At 6:30, we are called to move into the nave. Having shared the Liturgy of the Word in the parish hall, we move into the Eucharist with Hymn #329 ["Now, my tongue, the mystery telling..."]. Then it's straight into Eucharistic Prayer A.
There is a goodly crowd tonight -- the largest I remember seeing in our parish for a Maundy Thursday service. Strangely, tonight it's the front pews that are crowded. The back rows are empty. Perhaps our parish is maturing. Perhaps more people want to be near the cross and the altar. I do not know.
For me, the Eucharist moves too quickly. I know what this liturgy tells us. I know we are commemorating the last meal Jesus shared with his disciples, his friends. And I know what's going to come afterwards: He's going to the Mount of Olives to pray, asking his friends to stay and pray with him a while. And then he's going to be betrayed. And then the crucifixion will come tomorrow--another innocent man murdered for no just reason.
Tonight, I just want to dwell with the meal, the fellowship. But our liturgy takes me into the heart of Maundy Thursday.
Like so many other parishes, our service ends with the lights dimming ... and then the "stripping of the altar." It's not just the altar that is stripped. It's not just the vestments and paraments and candles and Eucharistic elements that are removed. No, the whole church is stripped of every last symbol of hope.
You readers of this blog know how much I treasure my ministry as crucifer, and you have heard some of my stories about how bearing the processional cross matters to me. You've heard how joyfully I bear it in ordinary times, in baptisms, and how fiercely in heart-breaking funerals.
This week, our altar guild asked me to remove the torches and processional cross from the back of the nave during this service. I was honored to be asked, because these are objects that are very dear to my heart as an acolyte and crucifer.
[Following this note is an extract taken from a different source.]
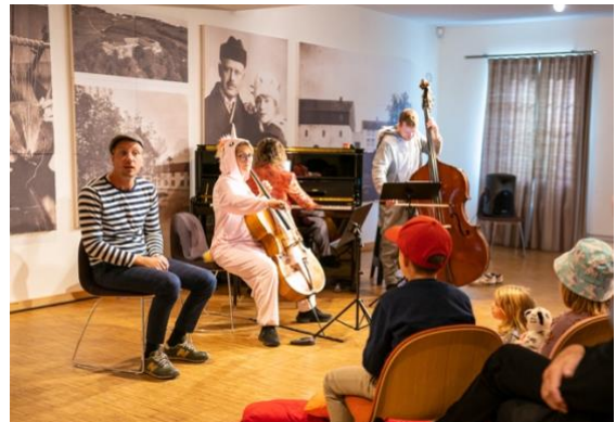
0-100, Fabelaktig formiddag.

In the quiet and nearly dark church, I moved to the rear of the nave, removed the torches, processed them forward ... to the altar .. and into the sacristy. With people kneeling in the darkened nave, I felt powerfully what it meant to remove those torches -- "the light of Christ" -- now extinguished and removed.
Then I moved quietly back to the rear of the nave. I once again lifted our massively heavy processional cross which I have so often carried in triumphant procession, always lifting it as high as I could. But not tonight. Tonight, I moved it tenderly out of its stand. I didn't heft it high in procession. I carried it low ... slow ... and tenderly out of the nave, through the chancel, and into the sacristy. ... And it broke my heart. Every other time I have carried that cross as crucifer, I have carried it boldly as a sign of hope -- leading the procession of choir and clergy. Tonight, I carried it low, in near-darkness, removing it from our our sacred space. Removing it from our hopes and our fierce faith. I have seldom felt more mournful as I made that impossibly long trek from the back of the nave into the sacristy with that now-shrouded cross. This cross which I generally bear as a sign of hope ... I now carried in mourning and with a deep sense of loss and grief.
I didn't time any of this. But the Altar Guild members were scurrying around, stripping off all the paraments, Eucharistic vessels, altar cloths. I think I -- carrying that cross low, not high aloft -- carried the very last vestige of "Church" out of our church tonight. It felt meet and right so to do.
Then I went back to my pew in the darkness and knelt in silence, trying again -- as I do every Maundy Thursday -- to wrap my heart and soul around the events two millenia ago. Trying to grasp what Jesus' friends must have experienced. Trying to imagine what Jesus experienced, praying alone in that garden.
Praying in a dark, stripped-bare church.
And so the Triduum begins for me. I pray it will be a holy time for me and for you ... and for all God's children.
1 Comments:
I've been thinking about how ever other time I've preached, the comforting symbols of our faith surround me when I think I'm getting tongue tied. It's going to feel different preaching on Good Friday.